Jul 31, 2008 11:24
I am currently occupied with three things, that spin slowly around inside my head.
1. Finishing/mixing/mastering album. This isn't really stressful, it just feels like it needs to be finished particularly as I need to draw a line under the bulk of it before school starts, and I get dragged under the waves. Then I can just enjoy it's completion, and start to plan a few little live dates to compliment it.

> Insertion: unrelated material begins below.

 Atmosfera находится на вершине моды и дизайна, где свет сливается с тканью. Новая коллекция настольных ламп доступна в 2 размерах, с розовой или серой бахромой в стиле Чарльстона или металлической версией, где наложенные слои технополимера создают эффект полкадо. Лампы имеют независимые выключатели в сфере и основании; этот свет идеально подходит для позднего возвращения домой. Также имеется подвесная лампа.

2. School starting. This is without question the most terrifying thing that has entered my head in decades. I am like a completely full up hard drive at the moment, with tons of files about every aspect of each unit of work for each year group frothing about inside. I am quite literally surrounded with actual files ranging from curriculums, to management, and everything in between. I have so much to read, it makes me not able to read anything sometimes. It is slowly de-mystifying, and I have another long meeting this afternoon with the current music co ordinator, as she takes me around the school, showing me where everything is, and how everything works, and where everything different bit gets taught. I'm sure once I actually start, it will all become clear, and all the essential learning mistakes will be made.

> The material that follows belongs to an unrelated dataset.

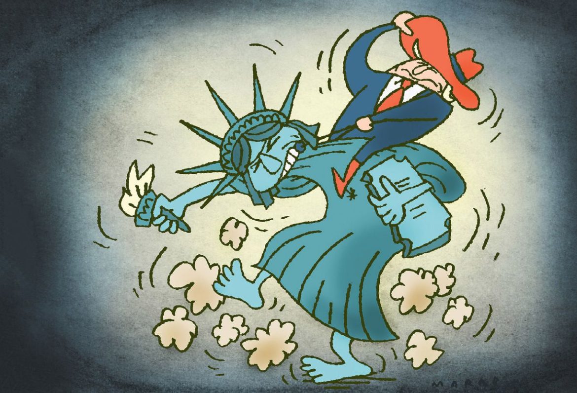 A hatalom gőgje és a helyzet iróniája abban rejlik, hogy az Egyesült Államok intézményi struktúrái az elmúlt évtizedekben olyannyira megbomlottak, hogy az elnök szinte szabadon diszponálhat. Mark Milley tábornok, akit Trump maga nevezett ki 2019-ben, a vezérkari főnökök tanácsának elnökeként figyelmeztetett arra, hogy „nem királyra, királynőre, zsarnokra vagy diktátorra esküszünk”, hanem az alkotmányra és Amerika eszméjére. E szavak mögött egy éles kritika húzódik, amely Trump hatalmi gyakorlatát célozza meg.

I am less afraid of the music, more afraid of general classroom management and the sheer amount of stuff I have to do, with no training. Plus the O.U course for primary music practitioners starts in September too, for two years.
3. The house. We are trying to minimise our costs, by sorting out all our bills, and moving things and doing very boring things to be prepared for a rough 2 years whilst we both get qualified. This morning was dull stuff with the Water Board working outside to replace stopcocks, and me in here changing our fuel suppliers, and moving insurances etc..and booking dentist and opticians and doctors stuff to all get done before September. I HATE dealing with this stuff.
Number 2 on my list is my main thought. I can't believe that it all kicks off in just 4 weeks. I can't envisage being ready. I won't be ready. And I guess that's how I will learn. God the first year is going to be TOUGH.